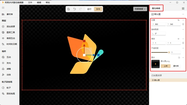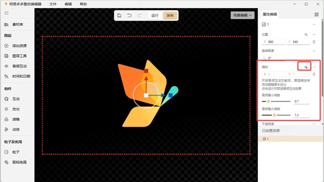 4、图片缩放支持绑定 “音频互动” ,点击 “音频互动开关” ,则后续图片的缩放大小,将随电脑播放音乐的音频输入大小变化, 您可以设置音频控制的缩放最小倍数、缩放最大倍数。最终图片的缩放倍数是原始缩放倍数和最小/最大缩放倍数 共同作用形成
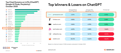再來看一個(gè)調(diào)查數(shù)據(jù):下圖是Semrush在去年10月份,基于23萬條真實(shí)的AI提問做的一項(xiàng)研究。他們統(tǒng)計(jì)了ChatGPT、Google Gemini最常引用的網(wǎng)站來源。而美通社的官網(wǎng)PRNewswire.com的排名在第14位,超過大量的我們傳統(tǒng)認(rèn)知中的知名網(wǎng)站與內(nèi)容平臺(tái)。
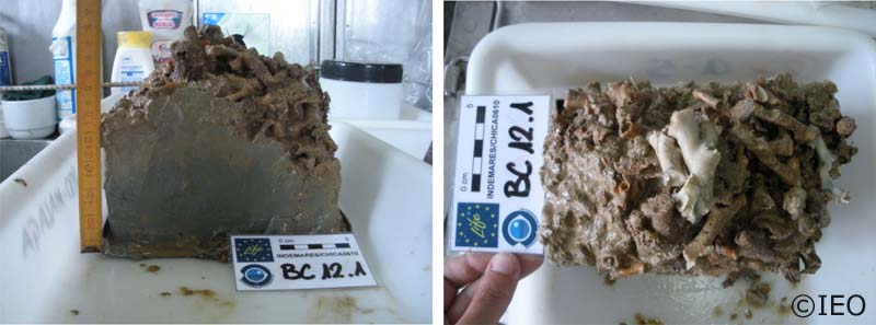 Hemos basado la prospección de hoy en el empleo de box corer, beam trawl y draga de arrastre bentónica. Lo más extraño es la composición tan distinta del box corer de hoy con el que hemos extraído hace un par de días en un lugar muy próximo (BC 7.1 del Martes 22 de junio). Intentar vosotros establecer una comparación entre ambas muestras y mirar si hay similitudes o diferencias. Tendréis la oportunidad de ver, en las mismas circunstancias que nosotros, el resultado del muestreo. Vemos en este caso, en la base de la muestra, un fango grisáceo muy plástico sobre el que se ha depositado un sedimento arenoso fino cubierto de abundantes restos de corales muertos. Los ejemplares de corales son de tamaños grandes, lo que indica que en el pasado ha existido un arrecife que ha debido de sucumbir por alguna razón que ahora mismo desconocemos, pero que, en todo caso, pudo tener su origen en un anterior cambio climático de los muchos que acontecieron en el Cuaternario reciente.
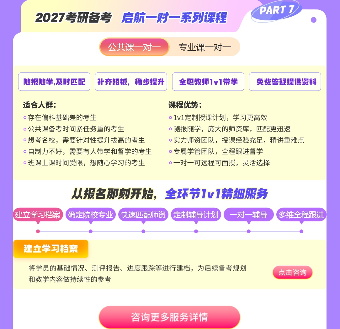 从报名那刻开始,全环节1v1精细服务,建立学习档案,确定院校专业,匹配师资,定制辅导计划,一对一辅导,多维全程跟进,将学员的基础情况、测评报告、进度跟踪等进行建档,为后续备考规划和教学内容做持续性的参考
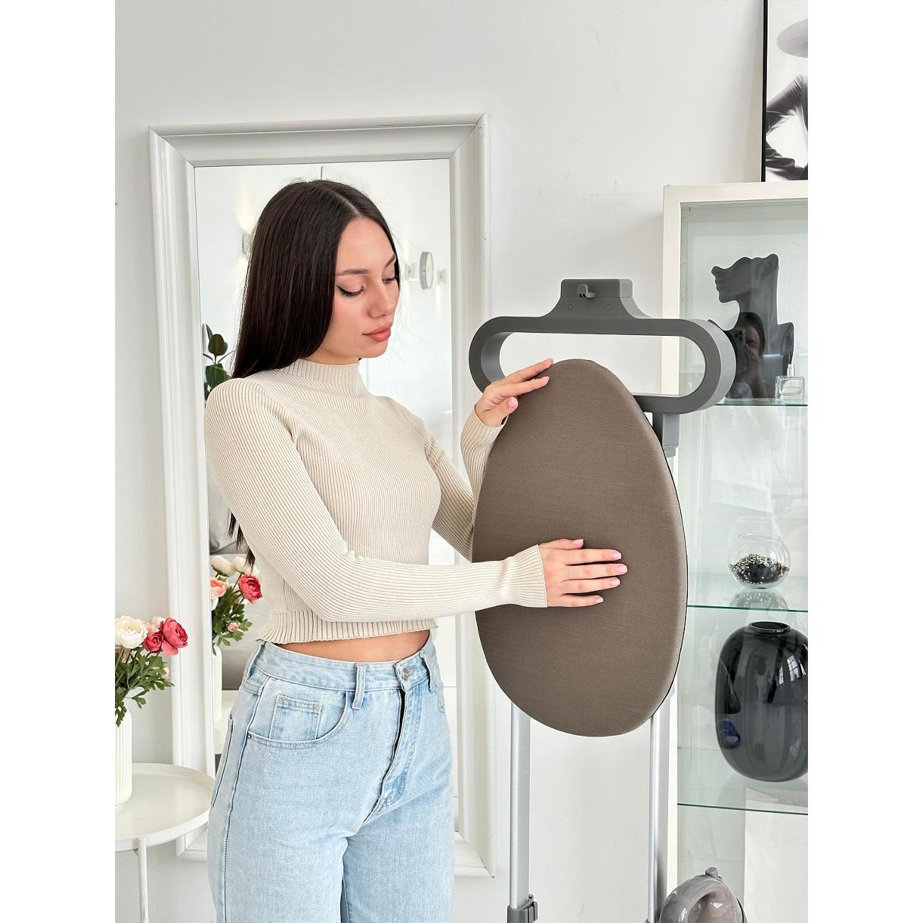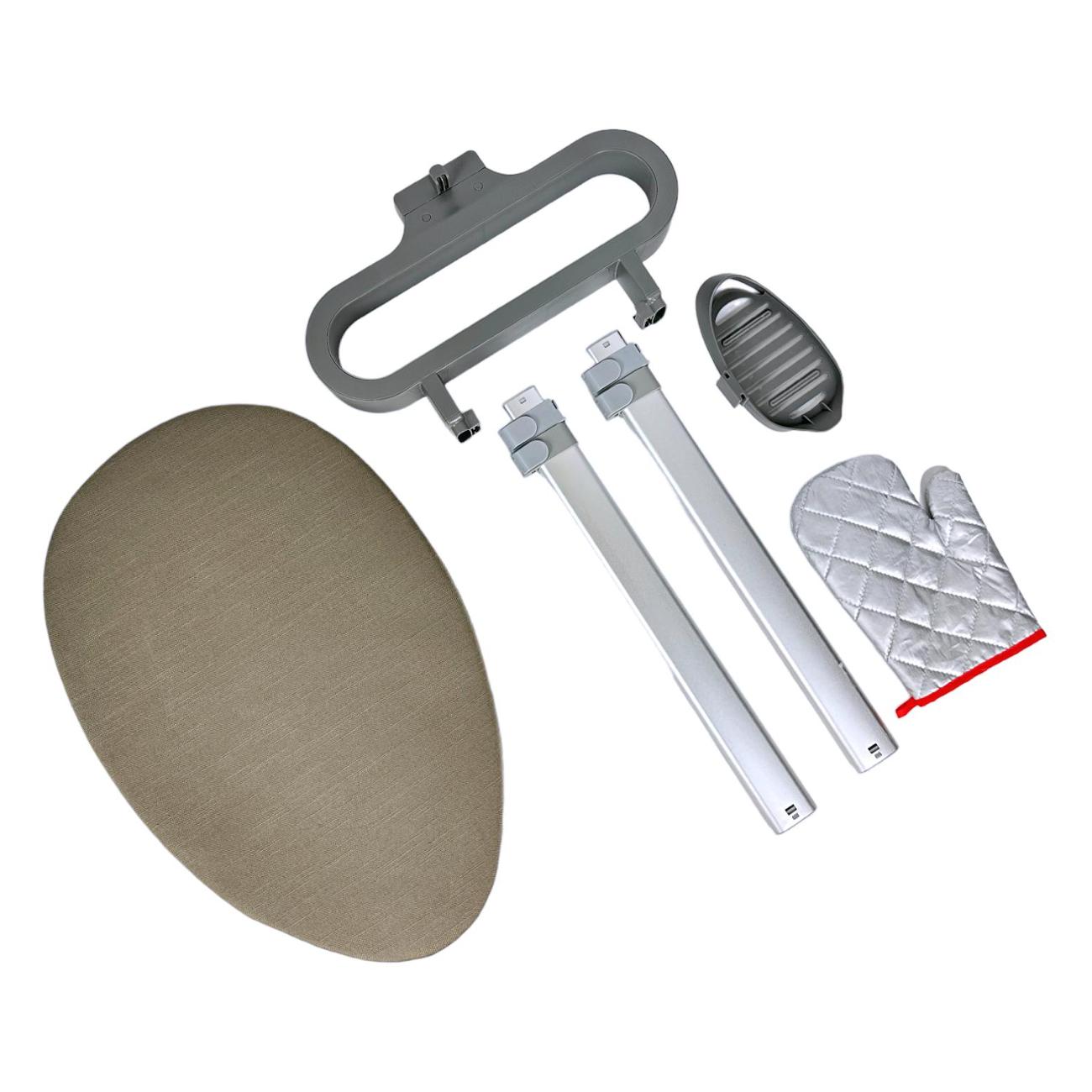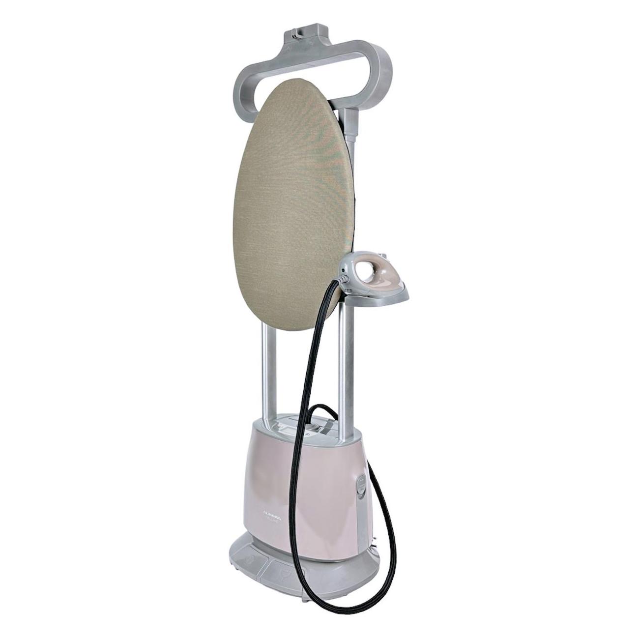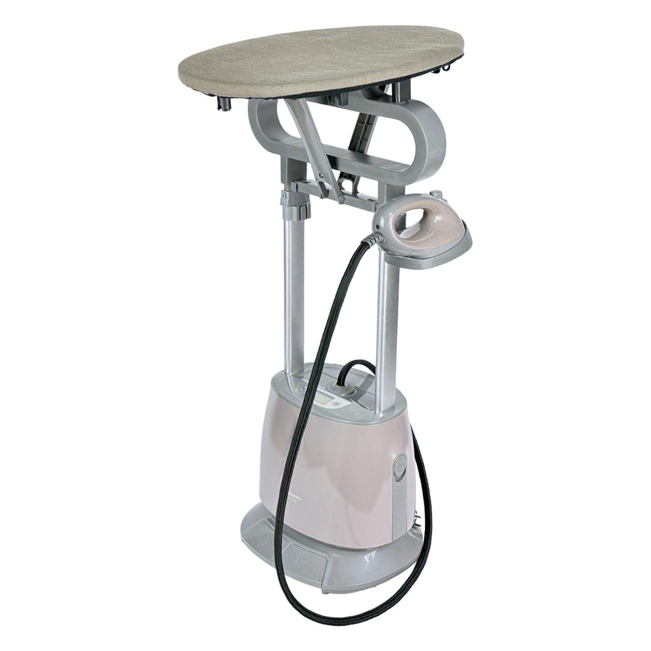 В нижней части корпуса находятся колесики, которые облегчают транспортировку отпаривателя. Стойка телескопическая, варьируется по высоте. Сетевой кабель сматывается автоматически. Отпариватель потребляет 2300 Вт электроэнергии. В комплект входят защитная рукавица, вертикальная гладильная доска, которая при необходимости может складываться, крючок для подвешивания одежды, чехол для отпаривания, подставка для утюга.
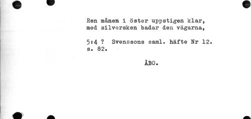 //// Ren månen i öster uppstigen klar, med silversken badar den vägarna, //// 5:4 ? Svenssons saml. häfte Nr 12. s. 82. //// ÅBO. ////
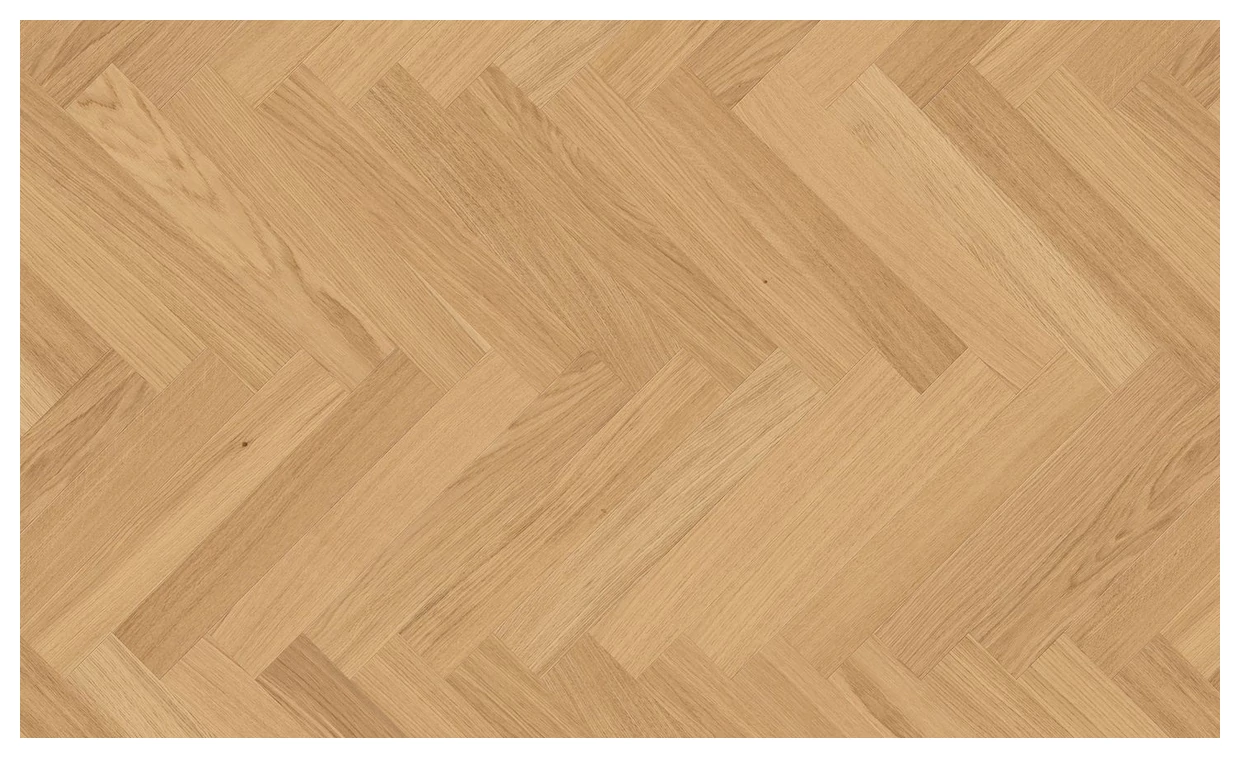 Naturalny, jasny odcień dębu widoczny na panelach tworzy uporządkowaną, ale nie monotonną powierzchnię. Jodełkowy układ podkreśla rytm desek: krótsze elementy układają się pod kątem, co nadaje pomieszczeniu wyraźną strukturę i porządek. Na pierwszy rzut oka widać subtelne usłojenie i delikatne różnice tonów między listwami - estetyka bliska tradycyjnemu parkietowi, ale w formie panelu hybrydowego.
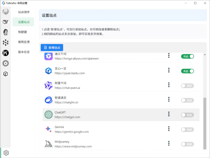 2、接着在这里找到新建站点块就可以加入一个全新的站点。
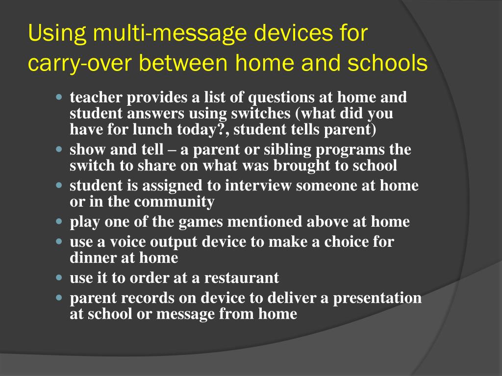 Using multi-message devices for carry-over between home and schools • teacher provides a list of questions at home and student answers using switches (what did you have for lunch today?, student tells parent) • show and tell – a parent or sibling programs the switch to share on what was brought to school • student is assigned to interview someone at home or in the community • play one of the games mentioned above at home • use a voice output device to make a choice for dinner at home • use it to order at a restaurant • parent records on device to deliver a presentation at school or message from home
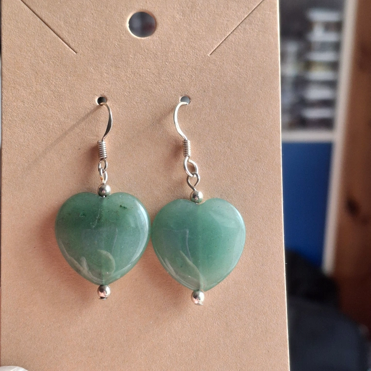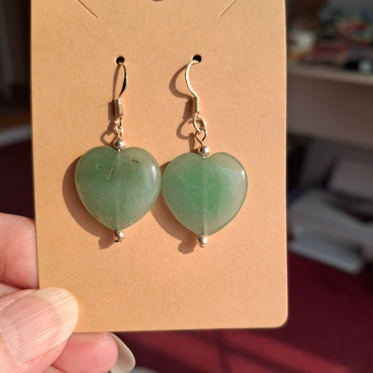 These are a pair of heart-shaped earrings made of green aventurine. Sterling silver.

▶ Work instructions
Go through the listing above and quote it exactly, apart from its images.

▶ Response below
 4、图片缩放支持绑定 “音频互动” ,点击 “音频互动开关” ,则后续图片的缩放大小,将随电脑播放音乐的音频输入大小变化, 您可以设置音频控制的缩放最小倍数、缩放最大倍数。最终图片的缩放倍数是原始缩放倍数和最小/最大缩放倍数 共同作用形成
再來看一個(gè)調(diào)查數(shù)據(jù):下圖是Semrush在去年10月份,基于23萬條真實(shí)的AI提問做的一項(xiàng)研究。他們統(tǒng)計(jì)了ChatGPT、Google Gemini最常引用的網(wǎng)站來源。而美通社的官網(wǎng)PRNewswire.com的排名在第14位,超過大量的我們傳統(tǒng)認(rèn)知中的知名網(wǎng)站與內(nèi)容平臺(tái)。
 Hemos basado la prospección de hoy en el empleo de box corer, beam trawl y draga de arrastre bentónica. Lo más extraño es la composición tan distinta del box corer de hoy con el que hemos extraído hace un par de días en un lugar muy próximo (BC 7.1 del Martes 22 de junio). Intentar vosotros establecer una comparación entre ambas muestras y mirar si hay similitudes o diferencias. Tendréis la oportunidad de ver, en las mismas circunstancias que nosotros, el resultado del muestreo. Vemos en este caso, en la base de la muestra, un fango grisáceo muy plástico sobre el que se ha depositado un sedimento arenoso fino cubierto de abundantes restos de corales muertos. Los ejemplares de corales son de tamaños grandes, lo que indica que en el pasado ha existido un arrecife que ha debido de sucumbir por alguna razón que ahora mismo desconocemos, pero que, en todo caso, pudo tener su origen en un anterior cambio climático de los muchos que acontecieron en el Cuaternario reciente.
 从报名那刻开始,全环节1v1精细服务,建立学习档案,确定院校专业,匹配师资,定制辅导计划,一对一辅导,多维全程跟进,将学员的基础情况、测评报告、进度跟踪等进行建档,为后续备考规划和教学内容做持续性的参考
 В нижней части корпуса находятся колесики, которые облегчают транспортировку отпаривателя. Стойка телескопическая, варьируется по высоте. Сетевой кабель сматывается автоматически. Отпариватель потребляет 2300 Вт электроэнергии. В комплект входят защитная рукавица, вертикальная гладильная доска, которая при необходимости может складываться, крючок для подвешивания одежды, чехол для отпаривания, подставка для утюга.
 //// Ren månen i öster uppstigen klar, med silversken badar den vägarna, //// 5:4 ? Svenssons saml. häfte Nr 12. s. 82. //// ÅBO. ////
 Naturalny, jasny odcień dębu widoczny na panelach tworzy uporządkowaną, ale nie monotonną powierzchnię. Jodełkowy układ podkreśla rytm desek: krótsze elementy układają się pod kątem, co nadaje pomieszczeniu wyraźną strukturę i porządek. Na pierwszy rzut oka widać subtelne usłojenie i delikatne różnice tonów między listwami - estetyka bliska tradycyjnemu parkietowi, ale w formie panelu hybrydowego.
 2、接着在这里找到新建站点块就可以加入一个全新的站点。
 Using multi-message devices for carry-over between home and schools • teacher provides a list of questions at home and student answers using switches (what did you have for lunch today?, student tells parent) • show and tell – a parent or sibling programs the switch to share on what was brought to school • student is assigned to interview someone at home or in the community • play one of the games mentioned above at home • use a voice output device to make a choice for dinner at home • use it to order at a restaurant • parent records on device to deliver a presentation at school or message from home
 These are a pair of heart-shaped earrings made of green aventurine. Sterling silver.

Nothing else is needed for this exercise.